By Glory Msowoya, Mana:
Ministry of Natural Resources, Energy and Mining has developed a strategy guiding enforcement of a ban on thin plastics in the country.
In August 2019, the Supreme Court of Appeal ordered the government to implement the ban after an appeal by plastics’ industry players that they were not properly consulted on the implications of the ban and the harm it would cause to their businesses was thrown out.
Currently, thin plastics are available on the market and Malawians are using them despite the ban.
To enforce the ban, Director of Environmental Affairs, Taonga Mbale, said the government has drafted a strategy to ensure that the ban is more effective.
“The strategy intends to sensitise communities to the ban of thin plastics and use of environmentally friendly alternative products, strategise with other law enforcement agents on the enforcement of the ban and ensure that manufacturers, importers, distributors and consumers comply with the ban,” she said.
Mbale cited resource constraints, poor commitment from concerned partners and limited availability of alternative technologies as some of the major factors delaying full enforcement of the ban.

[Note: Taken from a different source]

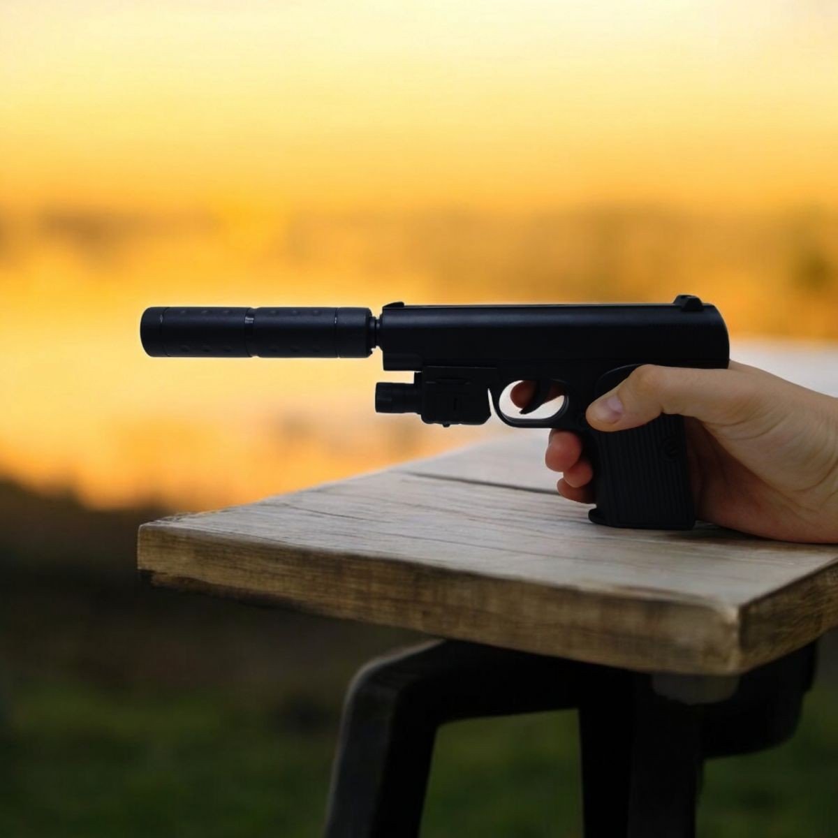 Опис Пістолет з глушником, лазерним прицілом і кульками

“Implementation of the environment management plastic regulations requires concerted efforts, commitment and participation of many stakeholders at national, district and community level. Mindset or behavioural change within the public is necessary,” she said.

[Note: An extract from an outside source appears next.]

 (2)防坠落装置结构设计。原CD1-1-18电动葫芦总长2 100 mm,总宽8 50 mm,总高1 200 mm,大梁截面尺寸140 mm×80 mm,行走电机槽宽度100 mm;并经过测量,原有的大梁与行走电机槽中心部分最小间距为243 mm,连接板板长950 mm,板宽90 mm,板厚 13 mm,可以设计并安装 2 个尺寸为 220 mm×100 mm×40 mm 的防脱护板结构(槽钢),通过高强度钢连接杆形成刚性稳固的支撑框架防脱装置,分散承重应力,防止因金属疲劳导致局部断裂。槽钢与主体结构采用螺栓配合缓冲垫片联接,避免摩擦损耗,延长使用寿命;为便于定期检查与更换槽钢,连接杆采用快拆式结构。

Mbale said the department will buy additional monitoring equipment to measure thickness of plastic sheets during inspections.
“It has been a challenge to make a process of inspecting the market without necessary equipment and make a decision to confiscate plastic papers without measuring,” she said.
The government first announced the ban on manufacturing and usage of thin plastics in 2015 but the decision was challenged in court by some local plastic manufacturing companies.